Но нельзя отрицать того, что при всей наклонности сочувствовать правительству, серьезные писатели точно так же недовольны своим положением, как некоторые влиятельные люди недовольны журналистикою и литературою. Намекнем на причины этого недовольства.
Серьезные писатели находят состояние русской литературы стеснительным и ежеминутно чувствуют, что подвергаются незаслуженным неприятностям. Общее дурное положение литературы зависит от неудовлетворительности цензурных правил, частные неприятности происходят от капризов отдельных лиц, пользующихся влиянием.
Цензурные правила таковы, что нет предмета, самого невинного и самого чуждого политическим делам, о котором бы было можно писать прямо и свободно. Многие обороты речи, многие слова нецензурны. Нельзя, например, сказать: ‘великий Коперник совершил революцию в науке’. Тут надобно или выбросить слово великий, чтобы не было похвалы человеку за совершение революции, или заменить слово революция словом переворот. Корректуры любого журнала изобилуют примерами этих бессмысленных переделок, при всем старании писателей избегать та’называемых нецензурных выражений: число непозволительных слов и оборотов так велико, что самый опытный и искусный писатель иной раз употребит, по забывчивости, нецензурное выражение. Как дико это ловление слов и фраз, доказывается тем, что нет ни одной переводной книги, в которой совершенно уцелела бы верность подлиннику, как бы ни были умеренны мнения иностранного автора и как бы ни был воздержан его язык: все-таки нужно бывает искажать его совершенно невинные мысли.
Могут ли, при таких обстоятельствах, сохранять хорошее расположение духа люди, принужденные постоянно ломать свой язык, искажать свою мысль и при всем том видящие свои статьи искажаемыми еще вторично чужою рукою?

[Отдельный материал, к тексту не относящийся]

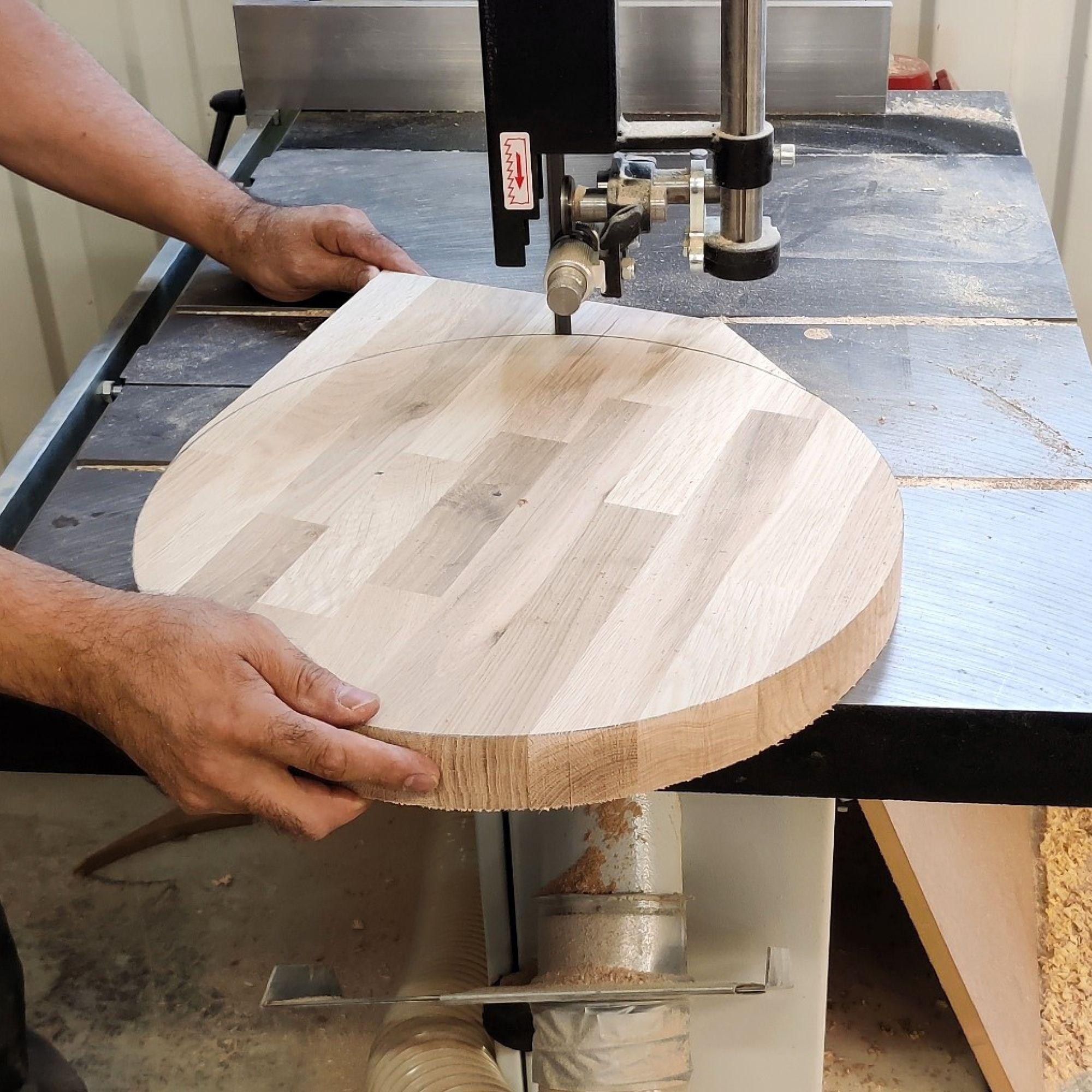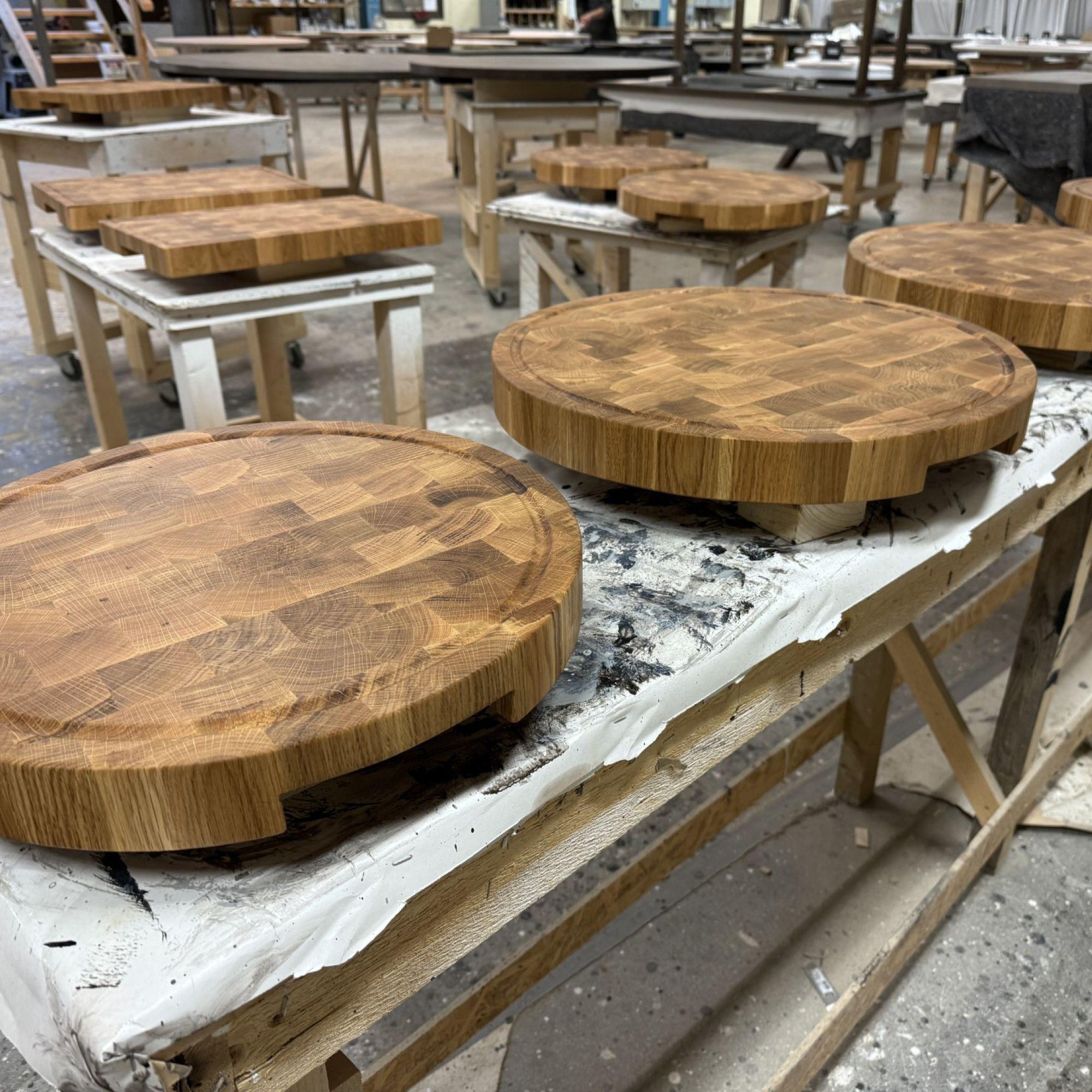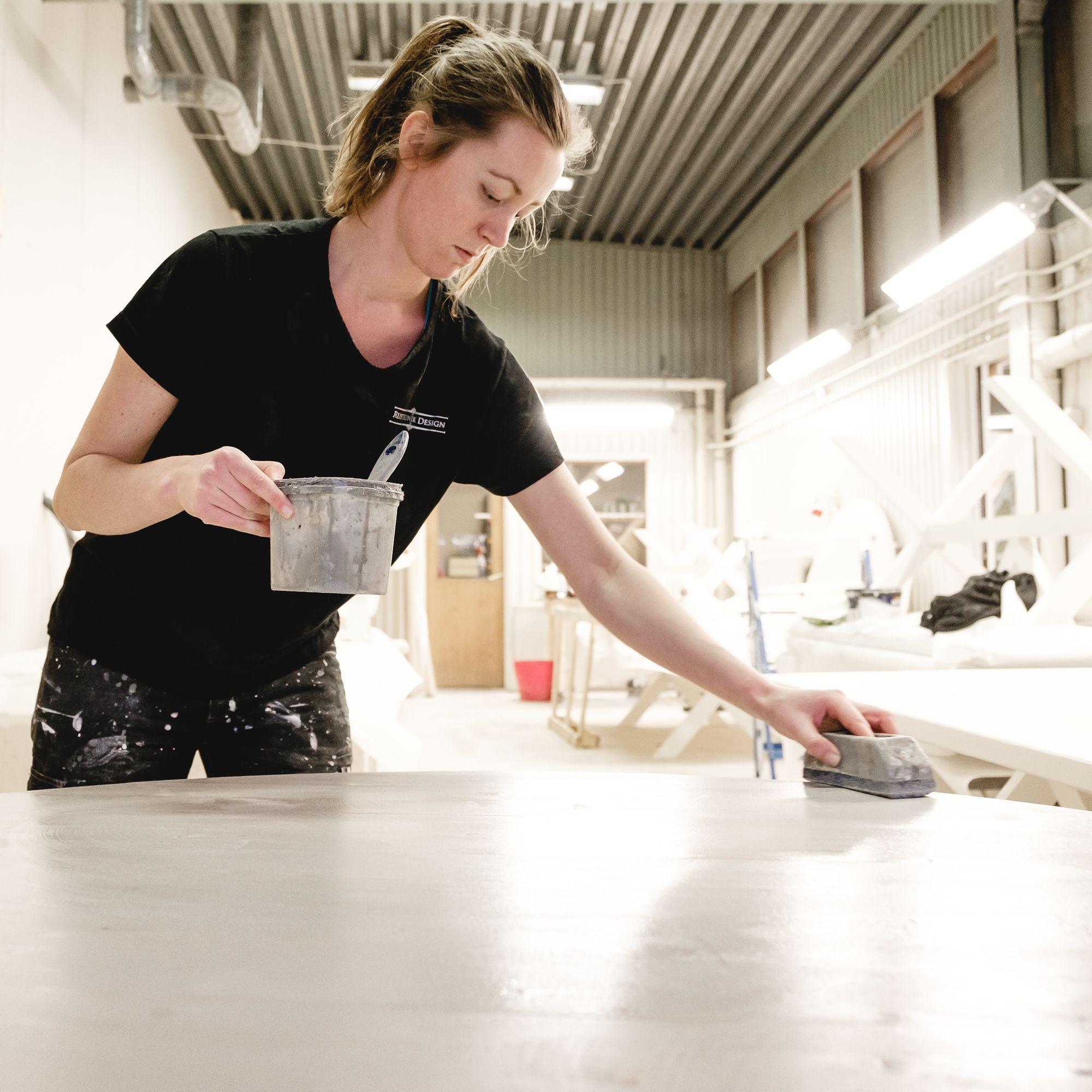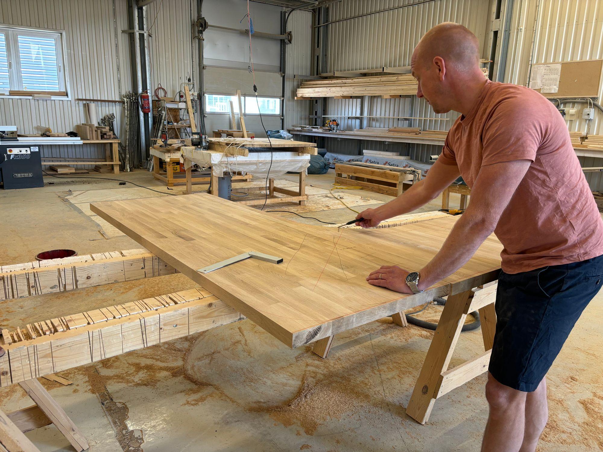 På ena sidan av byggnaden förs materialet in där det sågas, limmas och slipas. I nästa del av huset behandlas delarna med bets eller färg och lackas för att sedan monteras till möbler under ett och samma tak. I samma byggnad har vi ett showroom för den som är nyfiken. Här får du komma och titta på möbler med olika mått, träslag och kulörer. Vi bjuder gärna in till en rundtur i snickeriet också, ofta finns det kundordrar som står klara för leverans och kan inspirera. Eller så kan man kika in när den beställda möbeln tillverkas och se processen växa fram.

Мы нимало не виним цензоров, почти все они люди благородные и рассудительные, сами понимающие бессмысленность того, что принуждены делать, и старающиеся, по возможности, смягчить цензурную практику. Но они, при всем желании, никак не могут поступать сообразно рассудку. Они связаны как общими правилами, так и своею беззащитностью от каждого каприза влиятельного лица. Должность цензора есть едва ли не единственная во всей Русской империи, в которой усердный и добросовестный чиновник беспрестанно получает замечания и выговоры. Она почти неудобоисполнима.
Главных источников цензурного скандала, по нашим наблюдениям, было до сих пор два: беспримерное отсутствие независимости в Министерстве народного просвещения ‘состав канцелярии Главного управления цензуры.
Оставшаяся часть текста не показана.